A View to a Hill

Most useful among them is the “Aspen Gondola Plaza User Controlled Cam” (accessed via the “Live Cams” button behind the “Power of Four” button at aspensnowmass.com). Click “control now,” and you can tilt and pan the camera to look down on the patio of Ajax Tavern, up the Little Nell run, down on the gondola cars exiting their terminal (noting whether or not they have skis on them will indicate whether the cars are being loaded with skiers), and, perhaps most valuably, directly at the lines of the gondola’s lift maze and stairs to see whether you should rush to the mountain now or wait half an hour. The SkiCo’s other Live Cams are pretty standard, offering unidirectional views from the tops and bottoms of Aspen Highlands, Aspen Mountain, Snowmass, and Buttermilk.

Then there are the Roundshot cams.
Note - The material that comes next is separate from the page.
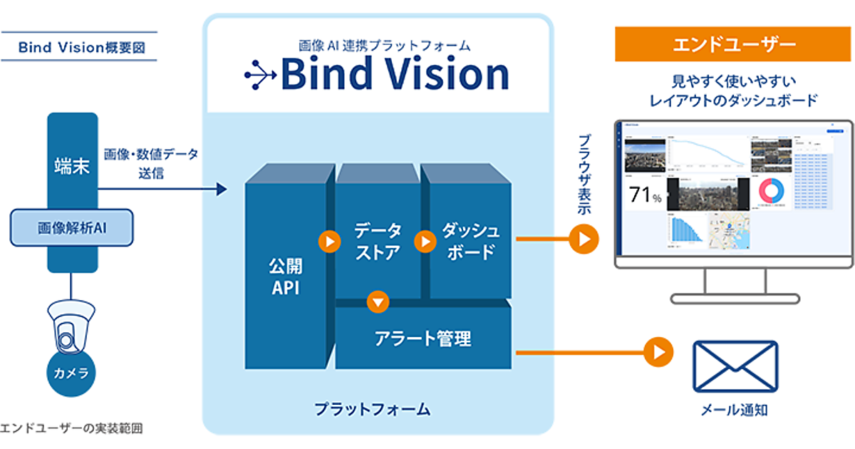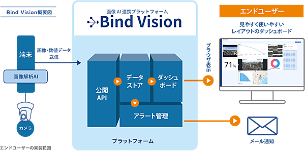 目視の代わりになるAIでの画像解析市場が成長する中、画像解析AIシステムの開発では認証やセキュリティ機能を備えたユーザーインターフェースを提供するウェブシステムが大きな割合を占めるため支援する。Bind Visionはウェブシステム機能「プラットフォーム」をベースに独自開発の画像解析AI「クラウドAI」と「エッジ AI」で構成する。

Last winter, SkiCo debuted five of them (called “Panoramic Live Cams” on the website) to create footage using “the world’s best digital panoramic, web-enabled, climate-proof photographic technology.” No doubt, the image quality is inspirational. The “Aspen/Snowmass—Power of Four Cam,” a Roundshot situated atop Red Mountain, pans from a view toward Independence Pass all the way to one looking over the tail end of the runway at the Aspen airport, with Mt. Sopris in the distance. You see the whole town of Aspen in almost real time—and distant views of all four ski areas—with the cams’ images refreshing every ten minutes. All of the Roundshot cams (there’s one atop each ski area, plus the Power of Four Cam) allow users to send an image to friends as an e-card, including a selection of “best shots” from the previous year.

For this season, SkiCo adds another new cam—not a Roundshot, but one of decent optical quality—that will be pointed at a snow stake. The plot site is in the vicinity of the Elk Camp restaurant, and viewers will be able to activate a light switch in order to track snow totals as they mount overnight.
Turning on a webcam to check snow accumulation at 2 a.m.? That’s our kind of obsessive.